▶ **ASSIGNMENT**:
Retype nothing except the lines below from the one with "त्यसैगरी आज नेपाल" through the one with "天花的橫梁,加上手推門和瓷磚", exactly, with images left out.

▶ **SUPPLIED DATA**:
>>
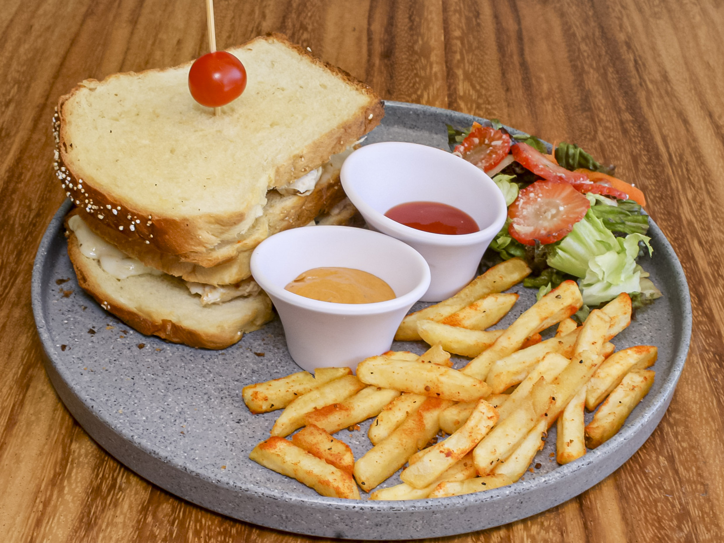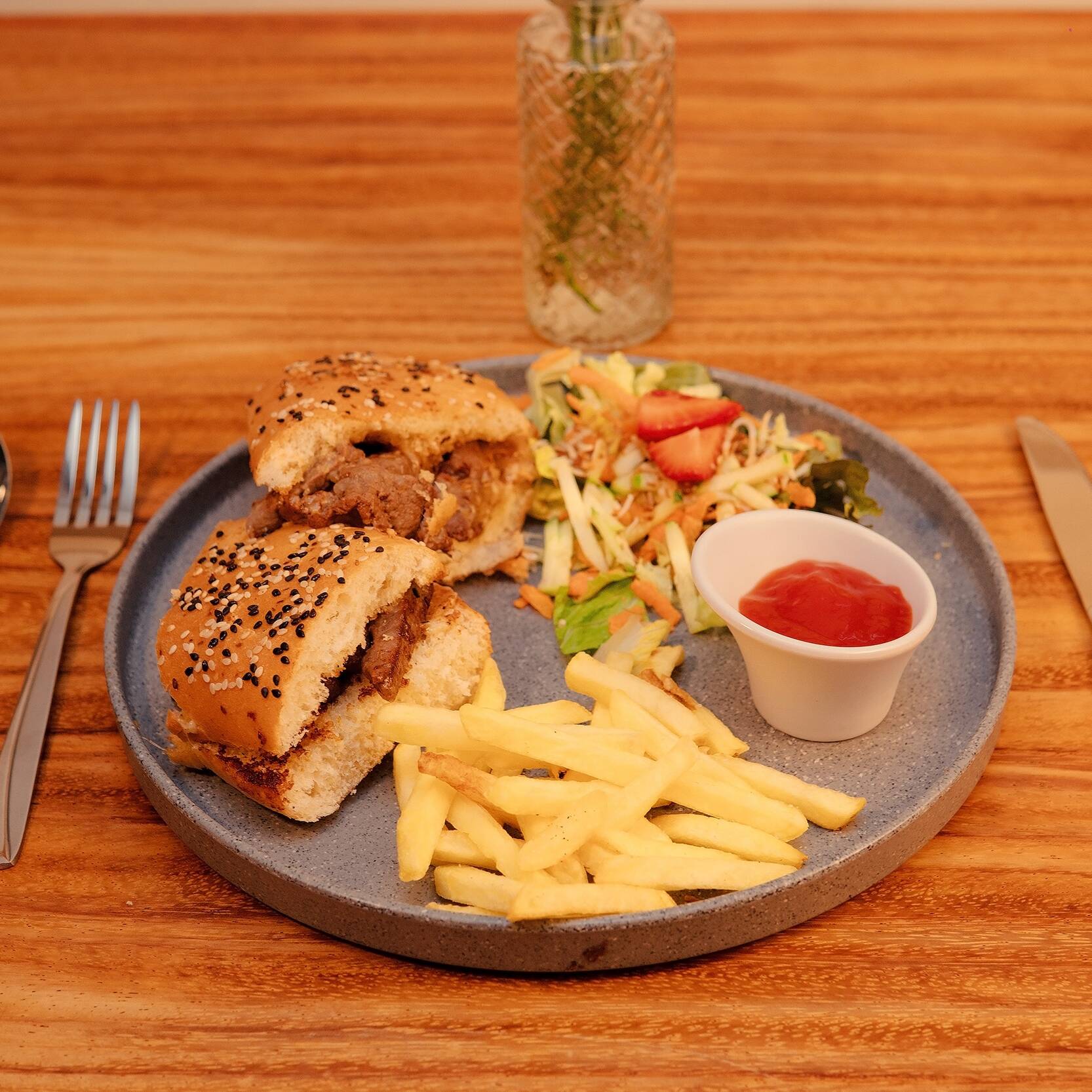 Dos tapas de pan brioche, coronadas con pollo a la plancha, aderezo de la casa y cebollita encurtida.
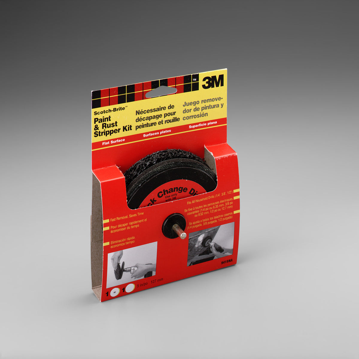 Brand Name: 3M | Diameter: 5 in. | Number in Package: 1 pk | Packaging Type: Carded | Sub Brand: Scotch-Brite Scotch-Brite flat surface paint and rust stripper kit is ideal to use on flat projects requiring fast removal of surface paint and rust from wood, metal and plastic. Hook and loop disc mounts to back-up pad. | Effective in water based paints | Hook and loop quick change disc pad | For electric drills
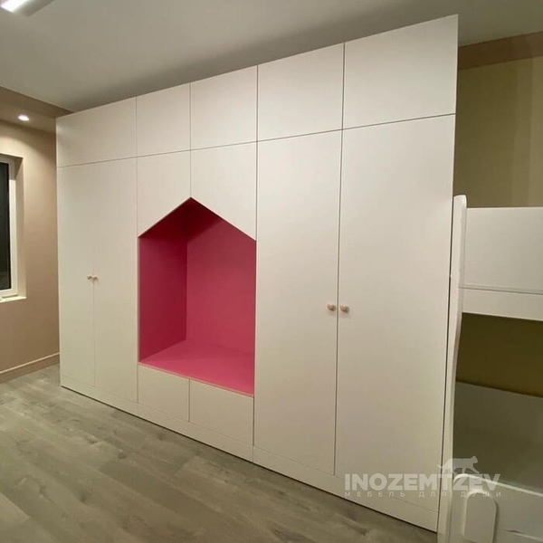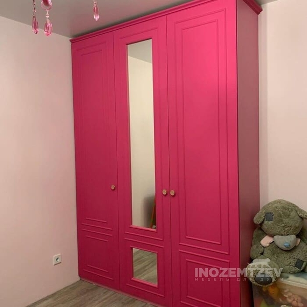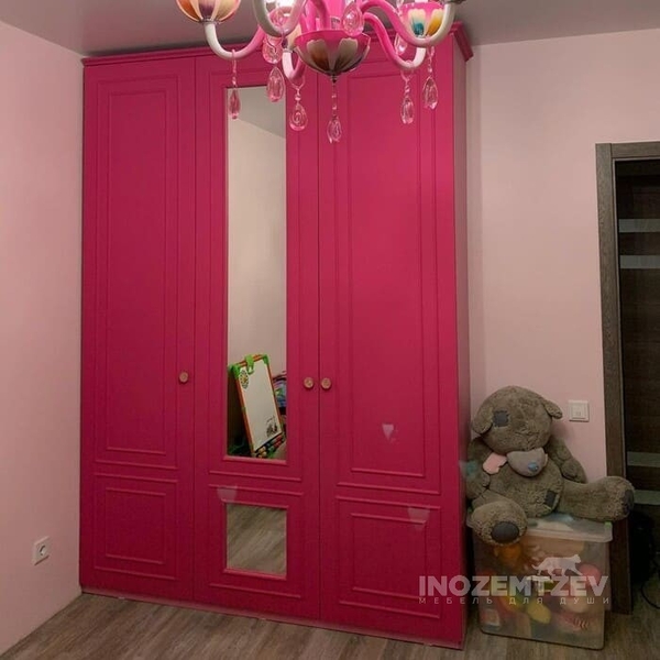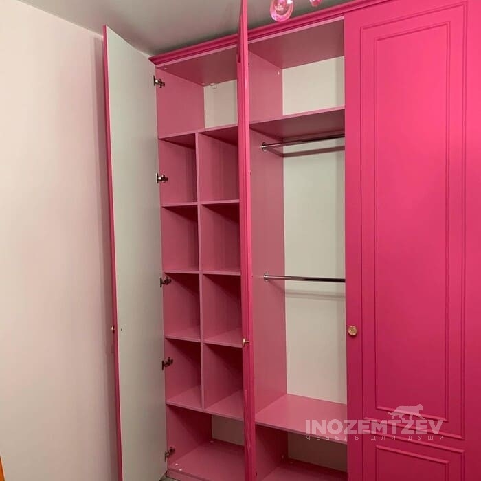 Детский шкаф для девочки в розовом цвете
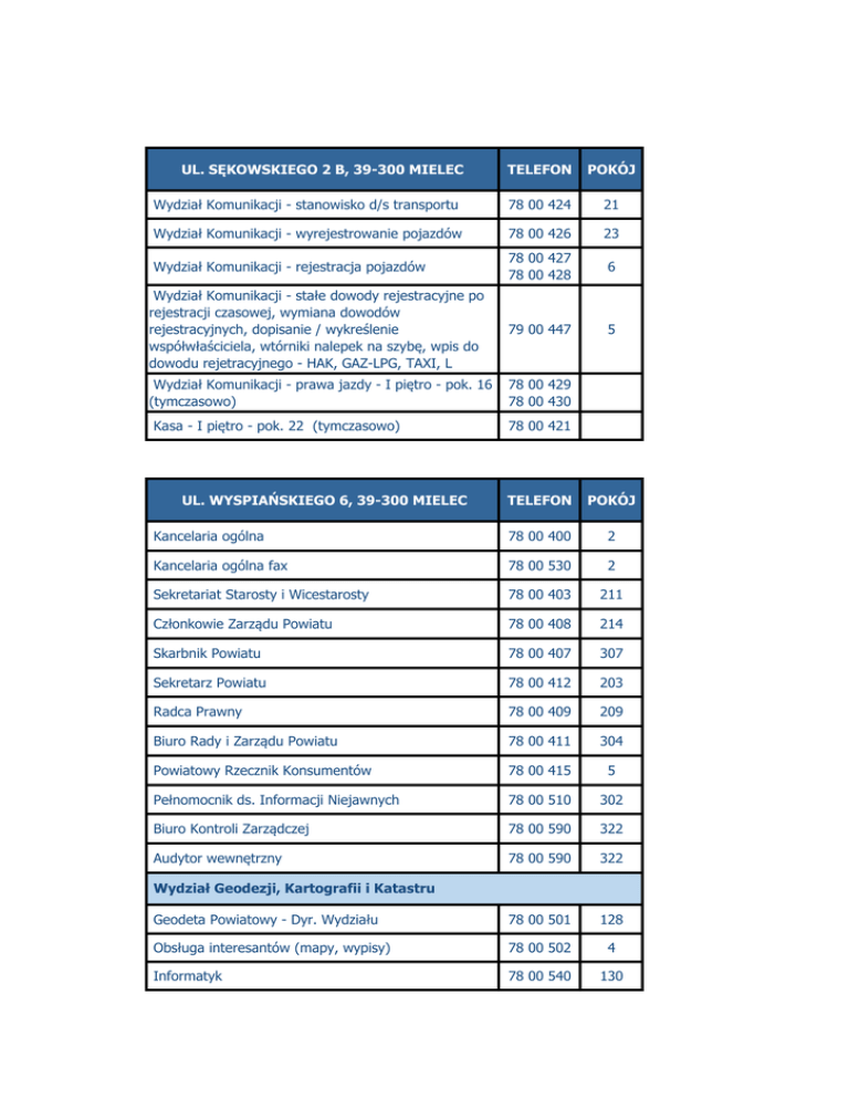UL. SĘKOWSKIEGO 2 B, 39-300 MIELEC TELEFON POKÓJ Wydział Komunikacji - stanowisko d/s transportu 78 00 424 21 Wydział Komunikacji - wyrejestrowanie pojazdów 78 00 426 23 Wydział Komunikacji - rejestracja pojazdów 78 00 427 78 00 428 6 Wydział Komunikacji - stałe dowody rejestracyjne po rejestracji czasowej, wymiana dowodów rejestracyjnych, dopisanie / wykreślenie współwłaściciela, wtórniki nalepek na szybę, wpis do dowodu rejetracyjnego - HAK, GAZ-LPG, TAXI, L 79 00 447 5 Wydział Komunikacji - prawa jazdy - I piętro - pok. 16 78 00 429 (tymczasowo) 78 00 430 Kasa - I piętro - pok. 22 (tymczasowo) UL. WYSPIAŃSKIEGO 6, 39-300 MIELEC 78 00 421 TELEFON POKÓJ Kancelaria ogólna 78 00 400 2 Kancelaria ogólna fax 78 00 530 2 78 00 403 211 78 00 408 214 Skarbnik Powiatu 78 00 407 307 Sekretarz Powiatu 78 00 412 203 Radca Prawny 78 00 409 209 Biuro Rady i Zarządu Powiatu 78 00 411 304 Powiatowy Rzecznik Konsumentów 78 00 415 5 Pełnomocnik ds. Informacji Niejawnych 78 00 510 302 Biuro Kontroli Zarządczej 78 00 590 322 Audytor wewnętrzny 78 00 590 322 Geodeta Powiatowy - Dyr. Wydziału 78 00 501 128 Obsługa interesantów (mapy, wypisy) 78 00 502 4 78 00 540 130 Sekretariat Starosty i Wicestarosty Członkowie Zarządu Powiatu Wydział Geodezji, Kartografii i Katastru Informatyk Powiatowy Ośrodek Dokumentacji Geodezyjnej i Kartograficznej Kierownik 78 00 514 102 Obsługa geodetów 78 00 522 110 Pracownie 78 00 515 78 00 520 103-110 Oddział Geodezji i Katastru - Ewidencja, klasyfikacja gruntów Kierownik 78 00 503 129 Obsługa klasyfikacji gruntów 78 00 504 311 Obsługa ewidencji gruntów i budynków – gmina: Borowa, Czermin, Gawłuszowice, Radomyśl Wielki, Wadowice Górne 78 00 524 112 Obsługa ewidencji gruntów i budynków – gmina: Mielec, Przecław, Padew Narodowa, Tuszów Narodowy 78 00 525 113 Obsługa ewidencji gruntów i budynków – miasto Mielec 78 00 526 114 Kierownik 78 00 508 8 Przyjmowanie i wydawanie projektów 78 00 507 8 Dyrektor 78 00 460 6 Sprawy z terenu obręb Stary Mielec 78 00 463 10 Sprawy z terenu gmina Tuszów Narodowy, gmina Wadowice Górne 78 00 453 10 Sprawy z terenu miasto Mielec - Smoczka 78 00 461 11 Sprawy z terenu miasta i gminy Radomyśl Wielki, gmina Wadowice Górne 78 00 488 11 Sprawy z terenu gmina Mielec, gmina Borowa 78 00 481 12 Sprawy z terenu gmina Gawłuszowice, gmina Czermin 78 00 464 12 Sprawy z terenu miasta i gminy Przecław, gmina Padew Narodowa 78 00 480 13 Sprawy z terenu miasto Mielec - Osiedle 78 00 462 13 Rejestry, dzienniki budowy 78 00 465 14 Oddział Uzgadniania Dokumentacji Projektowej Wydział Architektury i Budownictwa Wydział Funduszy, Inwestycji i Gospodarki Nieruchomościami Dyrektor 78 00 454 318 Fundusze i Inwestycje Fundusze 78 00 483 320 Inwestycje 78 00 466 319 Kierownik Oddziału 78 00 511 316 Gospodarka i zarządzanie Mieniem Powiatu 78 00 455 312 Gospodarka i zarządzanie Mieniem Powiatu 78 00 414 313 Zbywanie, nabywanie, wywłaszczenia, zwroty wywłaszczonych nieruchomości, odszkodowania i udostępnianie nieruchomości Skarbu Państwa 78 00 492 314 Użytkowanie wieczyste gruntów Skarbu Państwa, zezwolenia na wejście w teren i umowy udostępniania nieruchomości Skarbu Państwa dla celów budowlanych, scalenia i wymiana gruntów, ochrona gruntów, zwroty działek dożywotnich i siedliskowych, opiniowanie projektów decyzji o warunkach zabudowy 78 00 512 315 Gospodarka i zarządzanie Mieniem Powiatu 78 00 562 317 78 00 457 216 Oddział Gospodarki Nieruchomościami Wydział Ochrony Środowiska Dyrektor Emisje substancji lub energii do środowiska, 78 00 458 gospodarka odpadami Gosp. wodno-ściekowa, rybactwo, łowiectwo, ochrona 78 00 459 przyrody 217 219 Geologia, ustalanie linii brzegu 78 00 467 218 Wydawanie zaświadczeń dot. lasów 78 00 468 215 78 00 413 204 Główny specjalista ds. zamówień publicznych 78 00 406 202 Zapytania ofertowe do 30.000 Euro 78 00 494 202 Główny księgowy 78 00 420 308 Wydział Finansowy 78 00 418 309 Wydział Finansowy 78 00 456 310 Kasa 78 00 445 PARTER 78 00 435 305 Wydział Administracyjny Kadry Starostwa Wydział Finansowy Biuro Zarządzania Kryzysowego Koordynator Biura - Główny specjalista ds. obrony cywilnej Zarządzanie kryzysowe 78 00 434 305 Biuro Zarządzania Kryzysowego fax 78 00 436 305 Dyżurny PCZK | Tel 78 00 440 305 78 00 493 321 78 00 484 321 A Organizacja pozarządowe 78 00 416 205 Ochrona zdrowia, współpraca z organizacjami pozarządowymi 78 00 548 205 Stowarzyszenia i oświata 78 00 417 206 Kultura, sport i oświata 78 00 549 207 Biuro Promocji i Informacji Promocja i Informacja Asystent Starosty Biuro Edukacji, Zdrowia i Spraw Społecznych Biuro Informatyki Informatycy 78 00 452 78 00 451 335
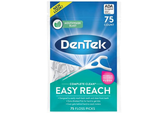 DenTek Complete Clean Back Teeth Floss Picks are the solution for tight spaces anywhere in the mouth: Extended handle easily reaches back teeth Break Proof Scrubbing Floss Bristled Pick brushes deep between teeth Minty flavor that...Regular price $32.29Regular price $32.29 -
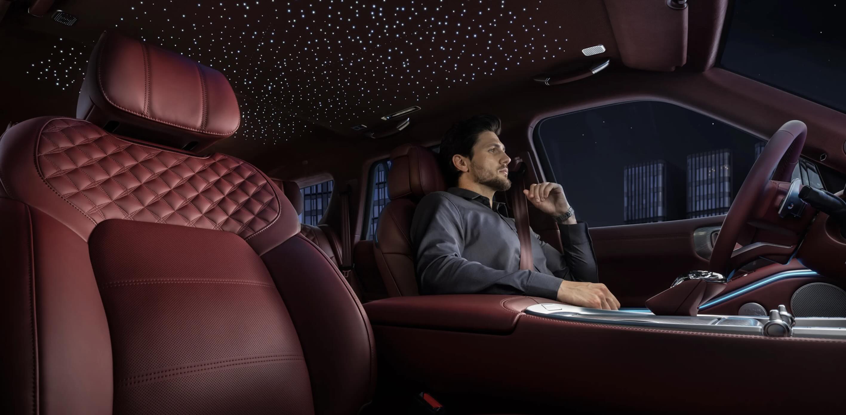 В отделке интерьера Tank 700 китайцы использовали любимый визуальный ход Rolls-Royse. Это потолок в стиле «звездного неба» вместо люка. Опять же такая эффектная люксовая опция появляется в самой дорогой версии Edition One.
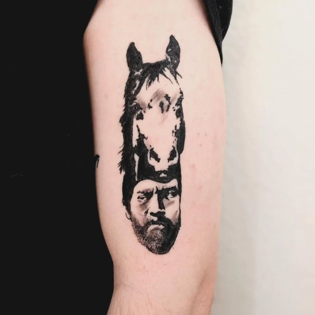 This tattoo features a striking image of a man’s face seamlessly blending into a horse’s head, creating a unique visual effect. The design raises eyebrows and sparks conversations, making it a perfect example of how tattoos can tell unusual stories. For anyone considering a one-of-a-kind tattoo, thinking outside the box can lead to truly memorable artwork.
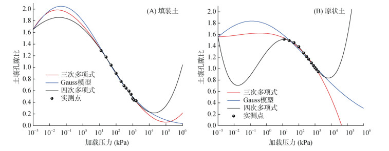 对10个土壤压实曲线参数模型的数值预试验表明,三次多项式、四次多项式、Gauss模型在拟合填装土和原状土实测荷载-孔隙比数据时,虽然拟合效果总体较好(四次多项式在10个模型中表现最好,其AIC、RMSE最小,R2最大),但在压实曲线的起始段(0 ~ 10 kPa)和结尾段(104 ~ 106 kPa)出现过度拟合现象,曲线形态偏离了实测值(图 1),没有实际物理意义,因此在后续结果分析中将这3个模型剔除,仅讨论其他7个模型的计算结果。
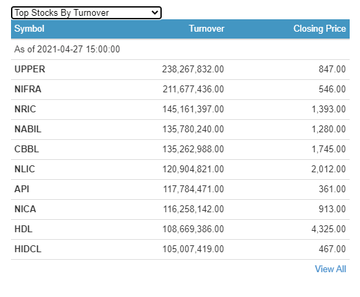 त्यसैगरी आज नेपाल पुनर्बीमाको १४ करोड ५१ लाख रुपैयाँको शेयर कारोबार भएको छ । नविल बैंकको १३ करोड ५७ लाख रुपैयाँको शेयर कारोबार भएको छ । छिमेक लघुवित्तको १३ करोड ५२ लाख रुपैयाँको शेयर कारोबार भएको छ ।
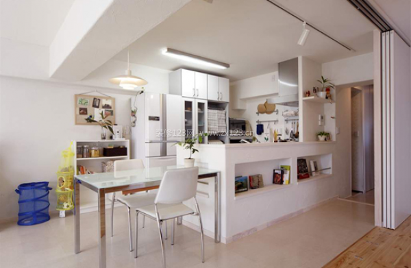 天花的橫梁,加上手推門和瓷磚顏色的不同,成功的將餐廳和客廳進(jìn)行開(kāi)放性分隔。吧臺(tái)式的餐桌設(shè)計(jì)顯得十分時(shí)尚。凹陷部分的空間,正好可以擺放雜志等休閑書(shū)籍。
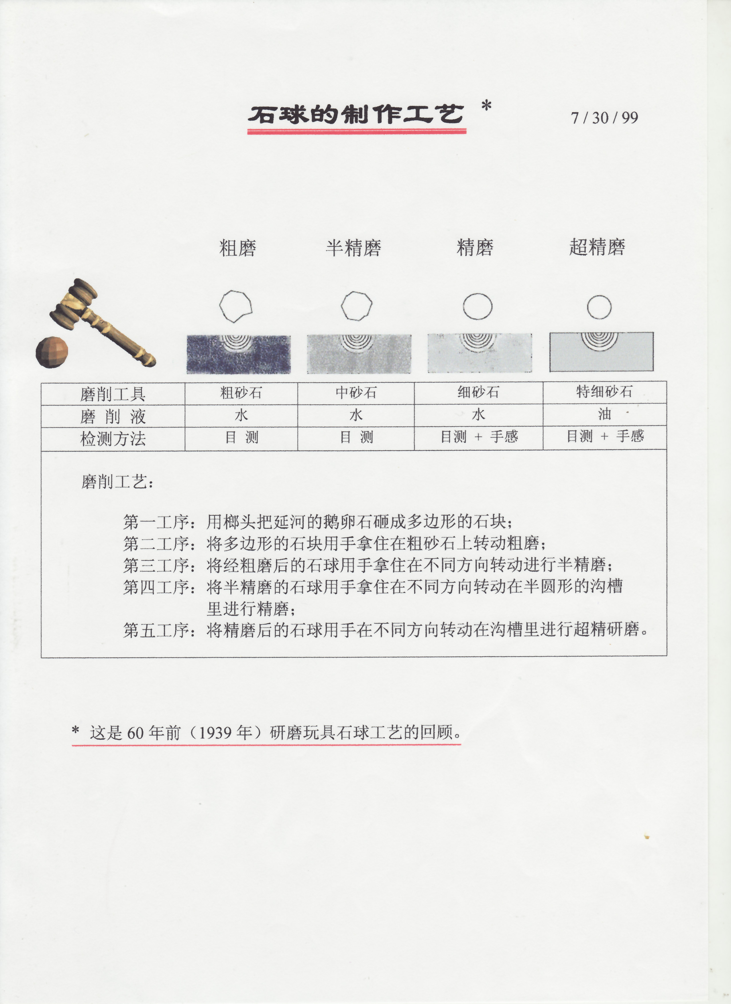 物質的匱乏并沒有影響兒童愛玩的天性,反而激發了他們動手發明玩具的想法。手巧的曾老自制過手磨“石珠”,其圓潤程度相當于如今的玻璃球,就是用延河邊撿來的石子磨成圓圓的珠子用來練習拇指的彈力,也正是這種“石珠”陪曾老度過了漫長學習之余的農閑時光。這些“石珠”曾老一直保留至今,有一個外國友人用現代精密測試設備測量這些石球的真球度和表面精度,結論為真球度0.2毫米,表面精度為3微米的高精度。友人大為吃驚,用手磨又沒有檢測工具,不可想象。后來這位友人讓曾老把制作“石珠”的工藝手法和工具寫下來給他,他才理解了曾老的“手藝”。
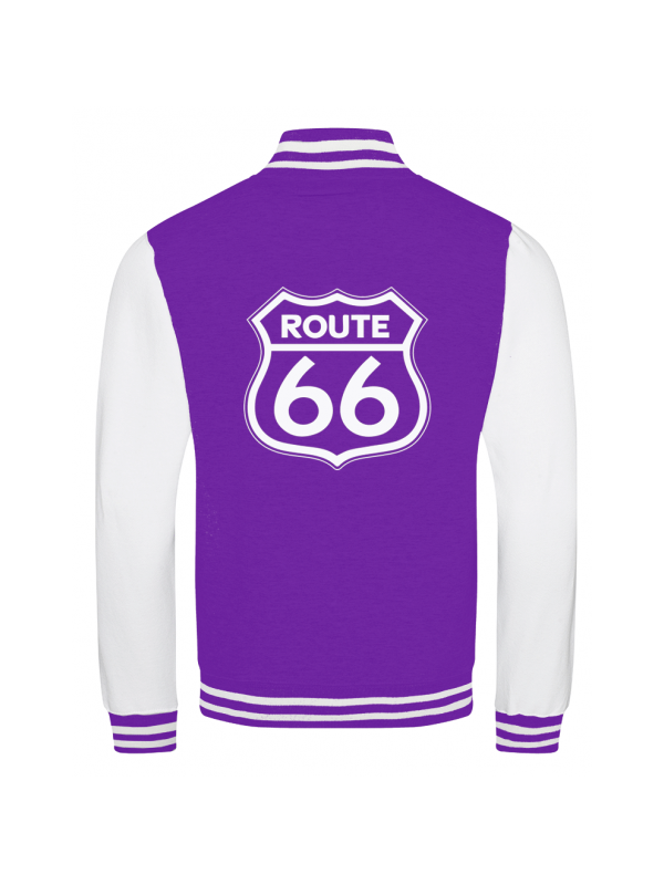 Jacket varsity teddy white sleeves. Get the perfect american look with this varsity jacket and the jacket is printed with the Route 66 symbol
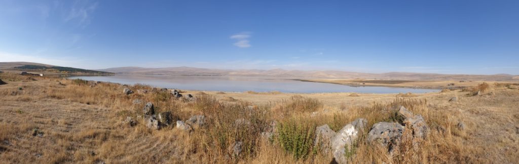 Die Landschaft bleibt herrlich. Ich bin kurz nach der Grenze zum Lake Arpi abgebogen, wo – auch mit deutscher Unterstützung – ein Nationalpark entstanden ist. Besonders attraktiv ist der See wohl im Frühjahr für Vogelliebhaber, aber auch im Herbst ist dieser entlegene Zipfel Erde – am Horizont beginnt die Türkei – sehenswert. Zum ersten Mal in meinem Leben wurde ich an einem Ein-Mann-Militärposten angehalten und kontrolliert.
<<
▶ **RESPONSE**:
 त्यसैगरी आज नेपाल पुनर्बीमाको १४ करोड ५१ लाख रुपैयाँको शेयर कारोबार भएको छ । नविल बैंकको १३ करोड ५७ लाख रुपैयाँको शेयर कारोबार भएको छ । छिमेक लघुवित्तको १३ करोड ५२ लाख रुपैयाँको शेयर कारोबार भएको छ ।
 天花的橫梁,加上手推門和瓷磚顏色的不同,成功的將餐廳和客廳進(jìn)行開(kāi)放性分隔。吧臺(tái)式的餐桌設(shè)計(jì)顯得十分時(shí)尚。凹陷部分的空間,正好可以擺放雜志等休閑書(shū)籍。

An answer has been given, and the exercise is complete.